If you're an existing investor, you must be contemplating investing in US stocks after the latest fiasco. It's normal to think, 'why is the US stock market falling?' or 'Is my money invested in US stocks safe?'. Besides recent poor performances causing anxiety, Wall Street posting the worst day of 2023 must have been particularly tough. Well, market volatility is nothing new. What goes up must come down, and vice versa.
If you were to narrow down the top cause for the US stock market crash of 2023, it would be – the policy changes and repo rate hikes brought about by the US Federal Reserve and the ongoing conflict in Ukraine.
The Federal Reserve, like the RBI, is a central bank and, as such, is the custodian of the country’s monetary policy. Reeling from the post-pandemic effects, the US witnessed a rapid rise in inflation which reached a high of 9.1% in June 2022. It was the highest level in almost 40 years.
Naturally, the Federal Reserve promptly got into action mode — altering its policies and sharply increasing interest rates to discourage borrowing, encourage savings, and reduce the currency supply to curtail inflation.
All actions are followed by reactions. This theorem also applies in the stock market — a record-high rise in prices of commodities and goods and an increase in interest rates led to negative investor sentiment. An increase in the yield of low-risk government bonds also appealed to investors and reduced the demand for high-growth stocks in the market, leading to a market drop.
Note: The ongoing conflict in Ukraine has caused a big dent in the supply chain of valuable commodities like fuel, gas, etc., significantly raising prices. This geopolitical instability has also played its part in the fall of the US markets.
It's only human that a sense of panic sets in whenever there is increased uncertainty due to a market drop. Many investors decide to sell their stocks, causing prices to fall further. It leads to a market downturn. So, what can investors do? Consider this an opportunity to buy top-notch FAANG stocks at lower-than-usual prices.
Investment gurus like Warren Buffett have always preached the merits of long-term trading and avoiding panic selling. It is not the first market slowdown and won't be the last. Staying invested is considered wise after thoroughly evaluating your positions and risk exposure.

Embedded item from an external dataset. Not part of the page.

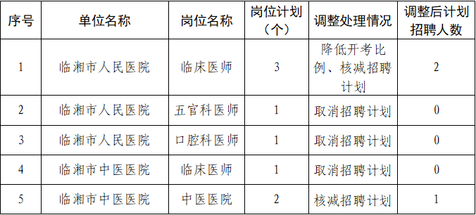 2024年臨湘市衛健系統“四海攬才”資格復審工作已結束,根據《2024年臨湘市衛健系統 “四海攬才”招聘工作人員公告》等規定,綜合復審情況,經市委人才工作領導小組研究同意,現將“四海攬才”相關招聘崗位開考比例、招聘計劃調整公告如下:

If you are also more of the 'glass half full' person, consider getting an account on Fi to invest in US stocks. Fi enables you to invest in top US companies — at industry-best forex rates and zero brokerage fees. You can own shares in Apple, Tesla, Microsoft, etc.! Novice investors can use Curated Collections to make sound investment decisions. Seasoned investors can dive deeper, apply many filters (like Stock Price) and pick stocks from a wide range of international options.
Here's a short video on India's GDP growth: https://www.youtube.com/shorts/hsaBpaDokoo
There is no fixed rule to predict how a stock market crash lasts. However, if you look at past trends in the US, S&P 500 Index has undergone 25-26 slow-down periods in the last century. Yet, it has bounced back successfully each time. This historical evidence supports the confidence of investors who are treating the current downturn as an opportunity to buy stocks at a low price for future gains.
Market volatility will always exist, and successful investors understand the risks well. Stock markets get influenced by factors: Internal (economic growth indicators, the country's GDP, fiscal policies, and foreign investment in-flow) & Global (geopolitical events, conflicts, pandemics, sanctions, etc.). However, it's worth noting that the stock market has historically tended to recover from crashes over time and that past performance does not guarantee future results.